PROBLEM DESCRIPTION: The output should be every line below that includes the word "được".
=== Section Start ===
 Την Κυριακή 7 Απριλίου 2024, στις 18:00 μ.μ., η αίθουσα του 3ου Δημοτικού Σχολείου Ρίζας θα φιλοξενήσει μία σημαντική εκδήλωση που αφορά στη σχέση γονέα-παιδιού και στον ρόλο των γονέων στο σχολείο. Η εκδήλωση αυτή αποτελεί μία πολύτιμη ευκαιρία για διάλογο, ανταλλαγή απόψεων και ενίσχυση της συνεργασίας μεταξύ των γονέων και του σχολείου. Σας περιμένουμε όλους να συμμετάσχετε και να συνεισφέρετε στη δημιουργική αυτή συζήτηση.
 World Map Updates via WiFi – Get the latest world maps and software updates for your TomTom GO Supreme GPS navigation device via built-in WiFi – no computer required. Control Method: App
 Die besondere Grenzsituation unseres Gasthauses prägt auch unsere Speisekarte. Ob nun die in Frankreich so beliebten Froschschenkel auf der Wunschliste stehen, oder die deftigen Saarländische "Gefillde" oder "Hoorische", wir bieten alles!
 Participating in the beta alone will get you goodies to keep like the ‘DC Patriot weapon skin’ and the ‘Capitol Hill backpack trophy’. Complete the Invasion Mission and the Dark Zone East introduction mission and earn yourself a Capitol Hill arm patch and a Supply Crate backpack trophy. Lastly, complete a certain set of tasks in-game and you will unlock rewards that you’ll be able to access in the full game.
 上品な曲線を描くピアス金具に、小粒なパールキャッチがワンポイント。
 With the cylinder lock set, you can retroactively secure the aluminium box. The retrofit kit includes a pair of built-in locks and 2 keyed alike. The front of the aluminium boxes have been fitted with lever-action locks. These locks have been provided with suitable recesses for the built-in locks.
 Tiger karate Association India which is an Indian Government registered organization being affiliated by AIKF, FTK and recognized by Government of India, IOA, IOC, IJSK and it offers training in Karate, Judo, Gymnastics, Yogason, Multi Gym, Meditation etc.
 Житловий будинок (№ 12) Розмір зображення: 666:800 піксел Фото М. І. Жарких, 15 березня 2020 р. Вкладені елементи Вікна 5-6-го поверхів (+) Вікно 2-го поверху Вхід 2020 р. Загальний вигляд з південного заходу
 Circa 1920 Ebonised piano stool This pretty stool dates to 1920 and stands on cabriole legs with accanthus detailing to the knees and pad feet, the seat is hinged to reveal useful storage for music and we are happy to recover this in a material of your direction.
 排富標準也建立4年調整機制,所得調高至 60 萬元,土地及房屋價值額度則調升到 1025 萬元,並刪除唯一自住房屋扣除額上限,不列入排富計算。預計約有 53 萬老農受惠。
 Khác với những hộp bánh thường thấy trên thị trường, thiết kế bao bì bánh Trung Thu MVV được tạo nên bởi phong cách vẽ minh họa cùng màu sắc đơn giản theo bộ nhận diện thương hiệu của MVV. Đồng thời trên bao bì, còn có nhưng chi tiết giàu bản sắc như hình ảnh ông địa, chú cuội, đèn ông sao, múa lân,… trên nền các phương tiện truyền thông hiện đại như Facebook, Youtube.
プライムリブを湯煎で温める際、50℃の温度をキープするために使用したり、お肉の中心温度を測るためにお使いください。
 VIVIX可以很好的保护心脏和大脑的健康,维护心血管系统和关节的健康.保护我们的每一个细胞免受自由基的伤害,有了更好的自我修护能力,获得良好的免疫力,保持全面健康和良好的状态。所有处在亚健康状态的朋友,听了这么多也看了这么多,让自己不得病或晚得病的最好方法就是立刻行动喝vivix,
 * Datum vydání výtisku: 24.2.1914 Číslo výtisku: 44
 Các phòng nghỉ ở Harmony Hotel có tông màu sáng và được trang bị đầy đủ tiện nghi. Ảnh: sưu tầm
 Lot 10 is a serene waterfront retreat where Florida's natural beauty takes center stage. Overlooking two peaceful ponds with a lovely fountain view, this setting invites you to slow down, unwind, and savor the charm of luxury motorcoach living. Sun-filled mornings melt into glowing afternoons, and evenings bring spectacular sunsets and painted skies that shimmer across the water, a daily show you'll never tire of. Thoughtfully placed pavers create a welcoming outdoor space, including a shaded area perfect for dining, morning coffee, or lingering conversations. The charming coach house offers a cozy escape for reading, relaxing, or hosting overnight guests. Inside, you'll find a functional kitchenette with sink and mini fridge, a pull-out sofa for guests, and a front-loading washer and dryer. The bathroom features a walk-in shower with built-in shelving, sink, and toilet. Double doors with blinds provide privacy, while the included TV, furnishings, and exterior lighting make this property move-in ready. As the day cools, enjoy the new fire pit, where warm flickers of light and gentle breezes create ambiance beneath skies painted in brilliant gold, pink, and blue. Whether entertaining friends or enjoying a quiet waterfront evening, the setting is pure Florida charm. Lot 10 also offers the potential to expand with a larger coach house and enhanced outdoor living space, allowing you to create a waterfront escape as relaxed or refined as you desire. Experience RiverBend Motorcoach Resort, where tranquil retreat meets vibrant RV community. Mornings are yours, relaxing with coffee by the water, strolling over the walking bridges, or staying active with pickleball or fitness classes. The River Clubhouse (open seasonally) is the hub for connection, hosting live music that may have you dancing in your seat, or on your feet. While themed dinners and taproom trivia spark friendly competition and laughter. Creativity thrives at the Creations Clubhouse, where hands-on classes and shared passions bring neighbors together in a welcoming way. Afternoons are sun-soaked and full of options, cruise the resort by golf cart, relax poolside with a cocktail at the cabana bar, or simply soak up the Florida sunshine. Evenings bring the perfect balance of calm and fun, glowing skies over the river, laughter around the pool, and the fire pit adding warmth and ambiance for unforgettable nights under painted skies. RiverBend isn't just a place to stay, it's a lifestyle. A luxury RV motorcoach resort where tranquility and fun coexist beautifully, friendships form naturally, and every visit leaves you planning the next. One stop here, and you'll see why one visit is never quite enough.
=== Section End ===
RESULT FOR THIS EXERCISE:
 Khác với những hộp bánh thường thấy trên thị trường, thiết kế bao bì bánh Trung Thu MVV được tạo nên bởi phong cách vẽ minh họa cùng màu sắc đơn giản theo bộ nhận diện thương hiệu của MVV. Đồng thời trên bao bì, còn có nhưng chi tiết giàu bản sắc như hình ảnh ông địa, chú cuội, đèn ông sao, múa lân,… trên nền các phương tiện truyền thông hiện đại như Facebook, Youtube.
 Các phòng nghỉ ở Harmony Hotel có tông màu sáng và được trang bị đầy đủ tiện nghi. Ảnh: sưu tầm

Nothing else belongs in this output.